| Seventh Marines kicked off Operation Allen Brook May 4th, 1968. Go Noi Island wasn’t really an island – more like a peninsula between two rivers – but thick with gooks. Intelligence reported a reinforced regiment of NVA and three VC battalions had
moved in and were playing hell with the big American base in Da Nang. Brass
made the decision to clean them out, and India Company of the 3/27 was attached
to 7th for the operation.
I don’t care what anyone says. Somebody
should have foreseen the pile of shit the marines walked into on Go Noi. The
NVA were well armed, trained, disciplined and dug in deep. When our guys
went in, they ran into serious trouble right away, and it took the brass a
while to get their thumbs out of their asses and figure out how much reinforcement
they needed and how to bring it in. A few days later, India Company led
a battalion-sized advance near the village of Le Bac, when who knows what size
enemy force hit them. Difficult terrain and heavy enemy fire checked
the flanking movements of the two companies in support, and that left India
in the center, alone and pinned down.
The NVA decimated those poor bastards. The
enemy was so deeply dug in, even air and artillery support was of little help. The
marines fought like tigers and died like soldiers. A machine gunner with
India, Robert Burke, put Audie Murphy to shame that day. His squad pinned
down in the middle of the heaviest shit and taking casualties right and left,
Burke grabbed an M-60 and charged the enemy single-handed – and then
did it over and over again. I don’t know how many bunkers he knocked
out before the gooks finally got him, but he was awarded the Medal of Honor
for what he did that day.
Mike Company joined Operation Allen Brook on
the morning of the 17th. We’d
been running security at the POW camp south of Da Nang when we got called to
Go Noi to participate in our first large scale operation. Already pretty
well blooded patrolling our own TAOR, and I remember sitting in the LZ waiting
to fly in. I looked around at all those haunted faces around me and again
wondered how many would not come back.
- Marlin looked at the other soldiers as if gazing in a mirror – thinking
of his own mortality as much as his comrades’.
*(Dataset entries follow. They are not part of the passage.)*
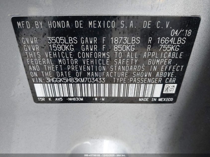 Колір СрібнийЦиліндри 4Привід Передній привідVIN 3HGGK5H83KM703433Стан Заводиться та їде (перевірено)Ушкодження Передня або задня AutoRIA
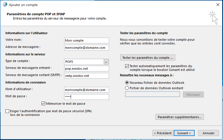 Configurer votre compte Exedos Mail avec Outlook Office 2016
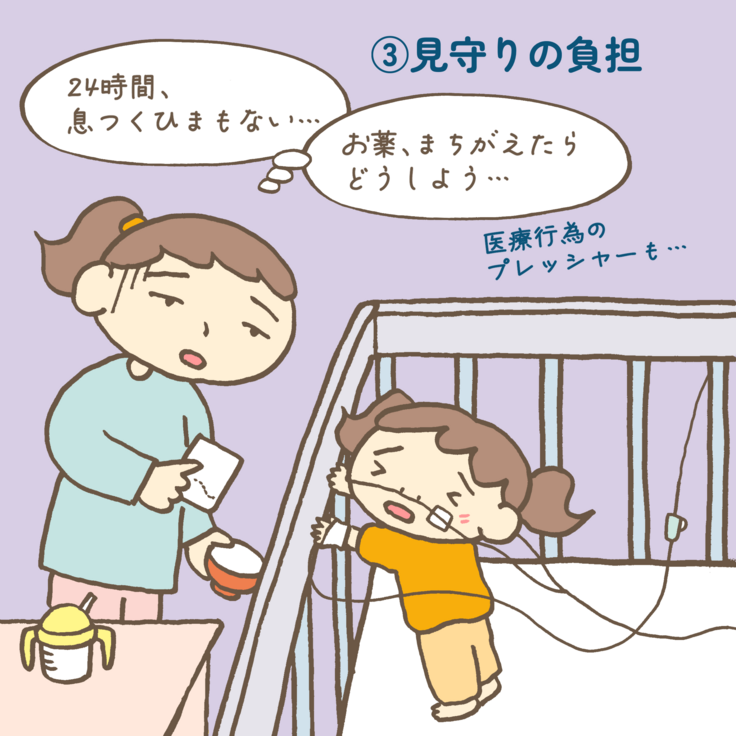 小児病棟で子どもの身の回りの世話を担う家族、その大半は母親ですが、お母さんたちの日常は過酷です。子どもの不安定な容体と慣れないケアに24時間心が張り詰める中、まともな食事を食べることもできません。

The chopper pilot that flew us in did some kind of circus-act approach, because
the LZ was hot as hell. All I saw out the back of the helicopter were
bodies strewn everywhere on the ground, and as we touched down, bloody bandages
kicked up by the rotor wash flew all over the place.
- Marlin knew at any moment, he could be transformed from detached observer
to one of the maimed, mutilated and dying marines on the ground.